Starting at the line below that contains "YohaSアリーナにて、4年ぶりに3学年合同の体育大会が実施されました。" and ending at the line that contains "Juguete para gatos", retype each line exactly as it stands, but omit the pictures.

> _Data records_
****
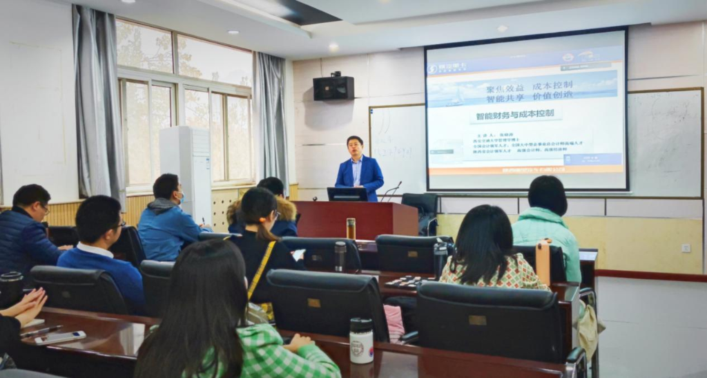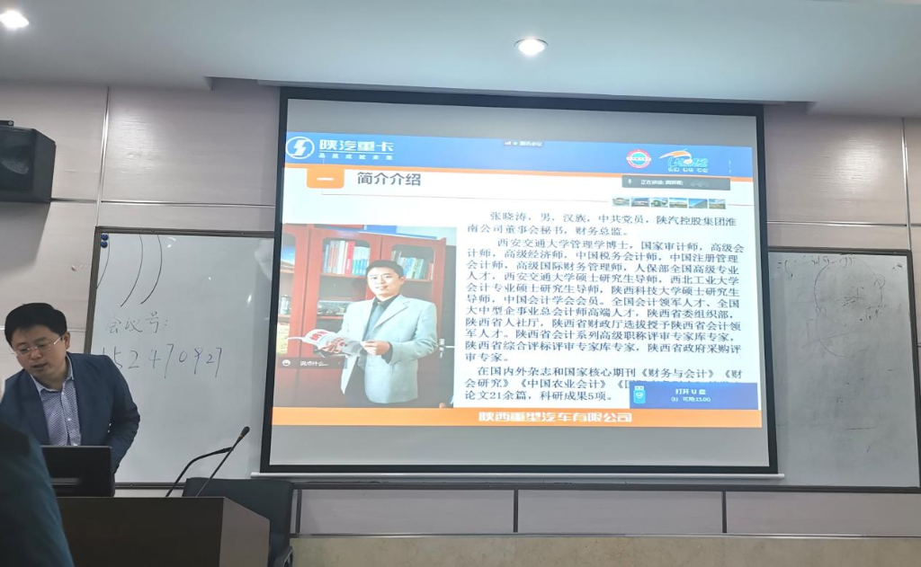 企业导师、陕汽控股集团淮南公司董事会秘书、财务总监张晓涛先生走进课堂,分享了陕汽控股智能共享财务中心的建设与应用情况,并就集团成本控制、信息化建设等领域的布局与管理措施及所取得的成效与创造的价值做了详细介绍和展示。张总的分享和讲解,让同学们切实体会到了先进的财务管理理念和方法给企业经营管理带来的效能和改变,让同学们耳目一新,受益良多。
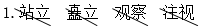 【解析】1.此题是考查对词语的理解。“站立”表示“站”,不带有感情色彩。“屹立”表示“像山峰一样高耸而稳固地立着”,含有褒义。“矗立”表示“高耸地立着”,多用于形容建筑物。“凝视”表示“聚精会神地看”,常表示含有一定的感情。“观察”表示“仔细察看(事物或现象)”,不含有感情色彩,带有探究的成分。“注视”表示“注意地看”,强调看的状态。
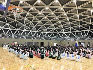YohaSアリーナにて、4年ぶりに3学年合同の体育大会が実施されました。
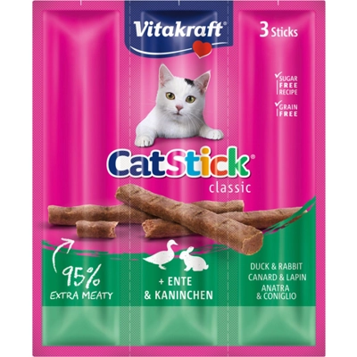 Vitakraft Cat Stick Mini - Eend & Konijn is een lekkere snack voor jouw kat. Deze sticks zijn gemakkelijk te breken door de groeven en ze zijn gemaakt van 95% vlees! (Medpets.nl)
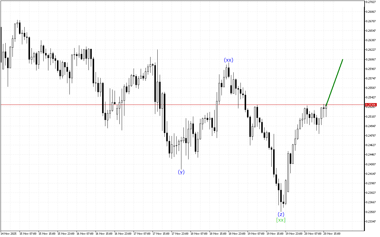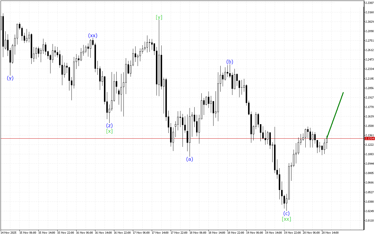 Ang kasalukuyang dinamika ng kilusan ay nagpapahiwatig ng pagbuo ng isang triple three. Sa ngayon, nabuo na ang wave [xx]. Matapos ang pagbuo nito ay inaasahan ang pagbuo ng pababang alon [z].
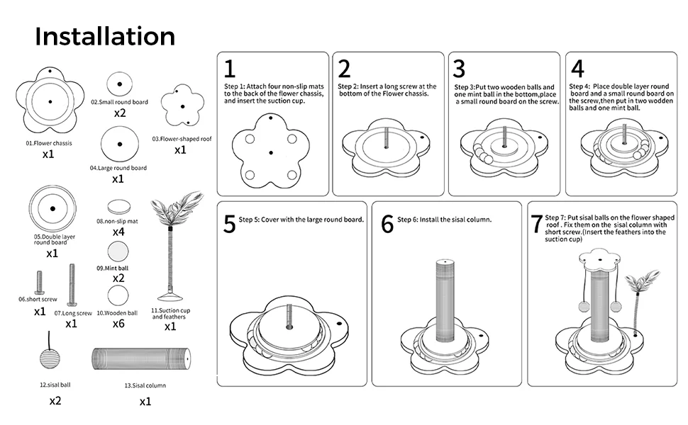Juguete para gatos de madera maciza con forma de pétalo con bola de hierba gatera, plato giratorio para gatos de madera maciza, palo de Teaser, bola de Teaser, poste para rascar gatos
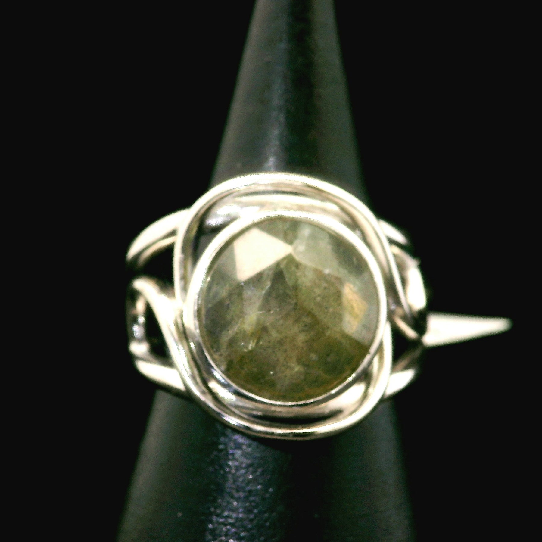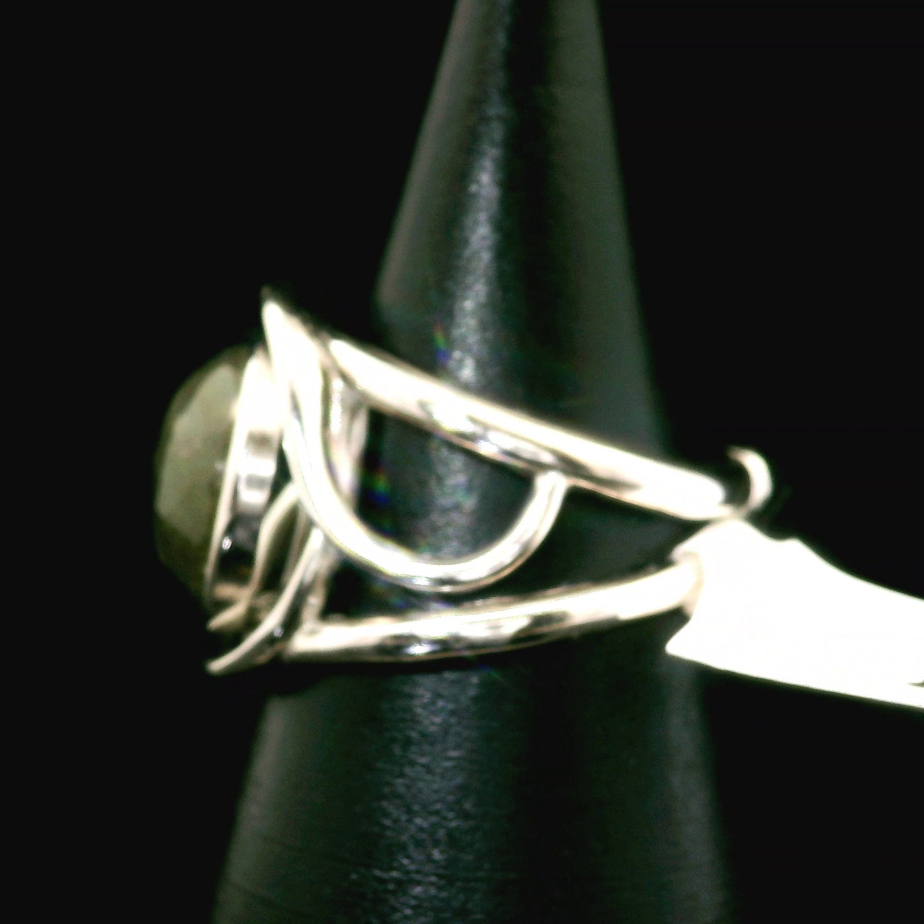 Labradorite Rose Cut Cuff Ring .925 Silver for Protection and Guidance
****
> _Answer space_
YohaSアリーナにて、4年ぶりに3学年合同の体育大会が実施されました。
 Vitakraft Cat Stick Mini - Eend & Konijn is een lekkere snack voor jouw kat. Deze sticks zijn gemakkelijk te breken door de groeven en ze zijn gemaakt van 95% vlees! (Medpets.nl)
 Ang kasalukuyang dinamika ng kilusan ay nagpapahiwatig ng pagbuo ng isang triple three. Sa ngayon, nabuo na ang wave [xx]. Matapos ang pagbuo nito ay inaasahan ang pagbuo ng pababang alon [z].
Juguete para gatos de madera maciza con forma de pétalo con bola de hierba gatera, plato giratorio para gatos de madera maciza, palo de Teaser, bola de Teaser, poste para rascar gatos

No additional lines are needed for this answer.